All through your years in the government house in Osun State, I had reasons to wonder at the type of leadership you provided for the ill-fated state. My concerns also stemmed from the experience of your lacklustre performance in Lagos State. No doubt you have been more than priviledged in life, the basis of which remains innocuous and very doubtful. The abundance priviledge conferred on personalities like your dear self can only be possible in an endemically infested country like Nigeria where corruption is the reigning king and truth has taken flight. All through the years, you have persistently failed to learn from history and endeavour to turn the stones in cognisance of posterity. By this I mean that you appreciated the aberration in your selection for priviledge by an abysmal system but rather chose to roll along rather than make amends for posterity. Despite attaining a very senior position in a military command, you lack bravery and valour in detaching yourself from the appendages of a heinous and condemnable political order, one whose tenure in history is very ephemeral.
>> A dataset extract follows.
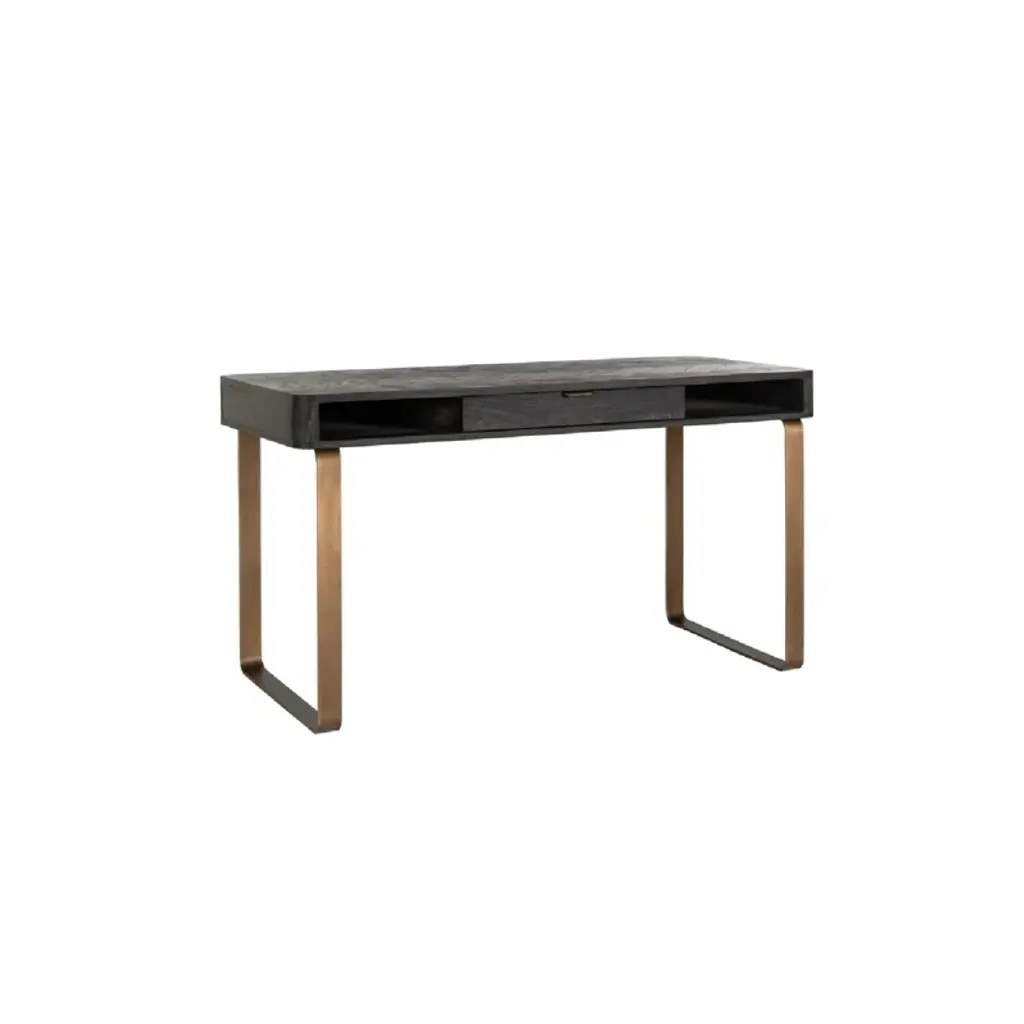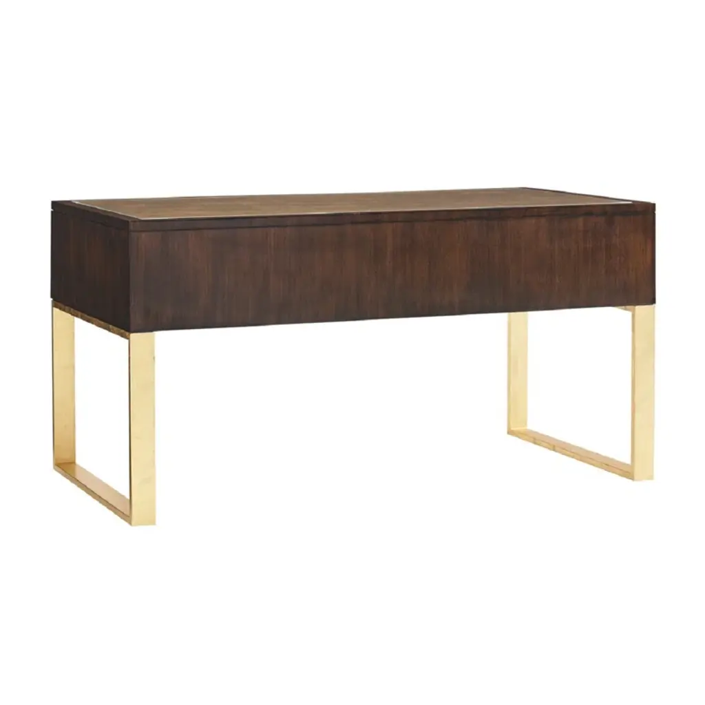 This rectangular writing desk boasts a contemporary style, perfect for modern interiors; This contemporary writing desk features a high gloss finish and a gold metal base that add elegance and style to any home office or study room; The desk has two spacious drawers with crystal-like knobs that provide ample storage space for your office supplies, documents, or personal items; Supported by a metal leg base with a luxurious gold finish, combining durability with elegance.

Your address to the assembly of black mayors reeked of unbridled sentiments, a sentiment that would have been otherwise normal but for the jungle called Nigeria. You fantasised on the soon to occur emergence of Nigeria as an industrialised nation. You premised this forlorn fantasy on the “non-negotiable values of commitment, dedication and patriotism on the part of our leaders” It is either that you are living a complete lie, completely disconnected in the richness of your cloak of deceit or totally dishonest even in the face of reality. We as Nigerians are yet to be able to point to a leader with such captivating devotional qualities to nationhood (as you falsely informed the mayors) amongst the present crop of vagabonds and upstarts in power. You stressed on the fact that Nigerians “have not lost hope for a better tomorrow” Nothing can be further from the truth.
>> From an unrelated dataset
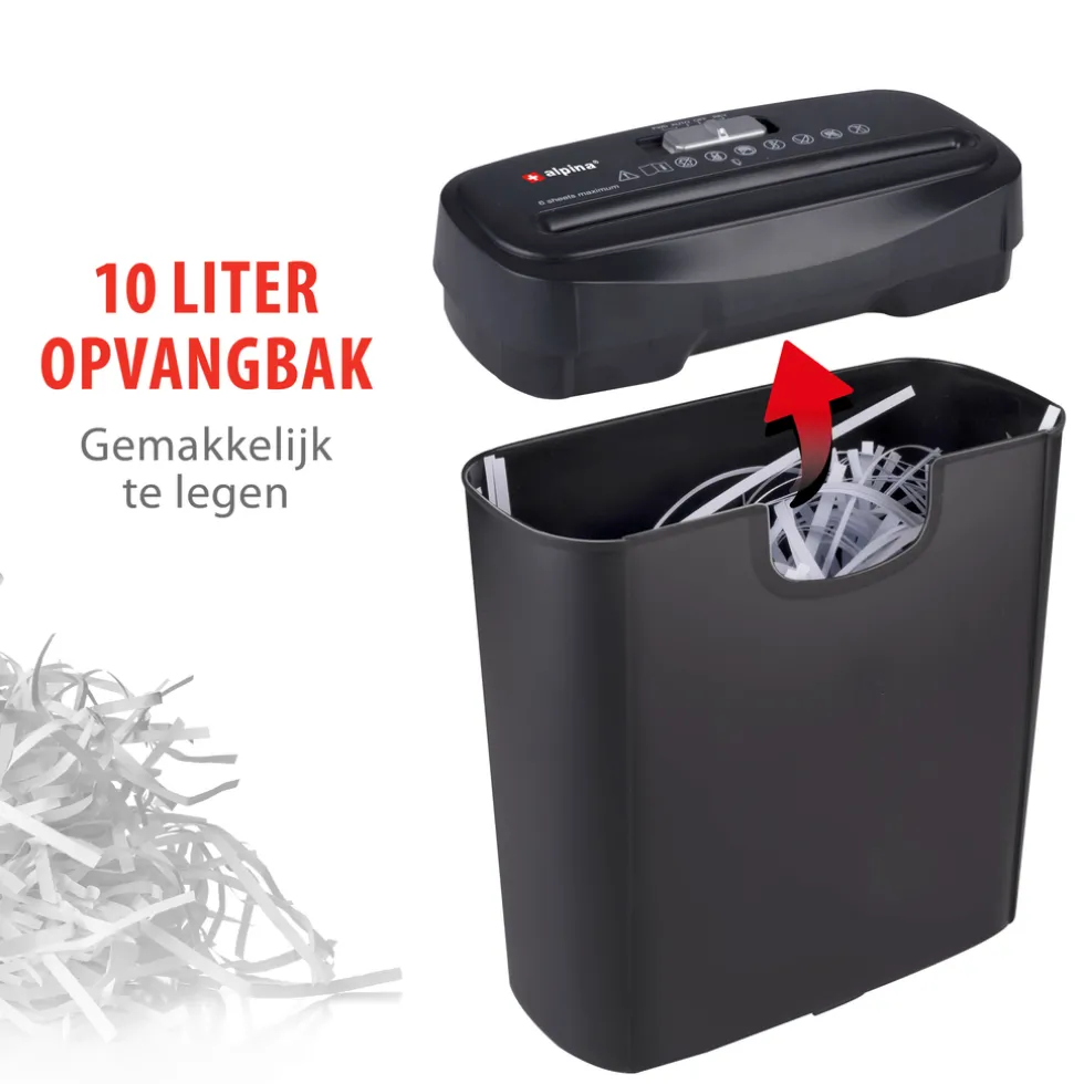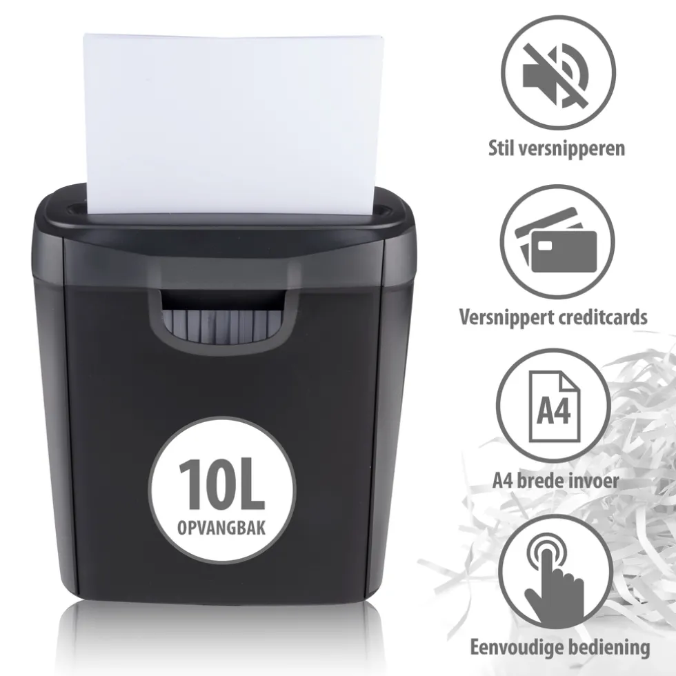 Versnipperaar voor papier: 6 A4 vellen per keerDe automatische shredder versnijdt je papier in stroken. De snijstrip snijdt per keer 6 vellen van 80 gram A4-formaat. De kleine papierstrookjes vangt hij op onder de messen, in een opvangbak van 10 liter.Gemakkelijk bedienenBedienen van de shredder gaat heel gemakkelijk. Bovenop de papierversnipperaar zit een bedieningsknop met 4 standen:

It is very sad that it would take eons for average Nigerians to impress on their leaders the extent of their agonies as a people and the forlornness of what tomorrow has in stock. It is a sign of the seriousness of the situation when after almost five decades of maladministration, mounting and embarrassing corruption and extreme socio-economic decadence and neglect, a member of our eternal ruling class like your self can go on a global stage to mount obscenities in the name of hope. As it seems not to have really sunk in for your ilk, we need to repeat that hope is a strange bed fellow to the average Nigerian. It is a word which connotes precious little to us. Hope was murdered when the basis of our federation was entrenched in falsehood and deceit. Hope was murdered when Nigerians with vision and grace were persistently denied the mantle of leadership. Dear Olagunsoye, hope was murdered, for example, when the winner of a popular and clean election was denied his mandate, clamped into prison and murdered even as a prisoner. Indeed, hope was murdered on many platforms in our unfortunate federation. It was murdered when Dele Giwa received a fatal present of a parcel bomb, it was murdered when Bola Ige (a serving Attorney General) was killed and his assassins still walk freely amongst us. Hope was killed when Goodluck Jonathan assumed the presidency and unleashed untold hardship on the citizenry. Hope was finally buried when the institution of the presidency was dragged in the mud on the questionable involvement of the Nigerian President in incidents of graft.

The Nigerian situation is akin to a cataclysm and hovers between insanity and depravity. It exhibits severe traits of throw-back on human civilisation by the sheer ingenuity of greed and corruption on the part of our leaders, immature and barbaric qualities that are probably found only amongst our ape cousins. One remains in awe at the capacity of human beings, nay Nigerian leaders, for greed and material acquisition. We pay the price daily for their unalloyed disloyalty and profound lack of patriotism. Nigerian leaders have made a mockery of everything honourable and good. The consequence is that we now stand the risk of bequeathing rubbish and depravity to generations yet unborn. We are actively laying the foundation of poverty and physical, mental and psychological retardation for millions of unborn Nigerian children.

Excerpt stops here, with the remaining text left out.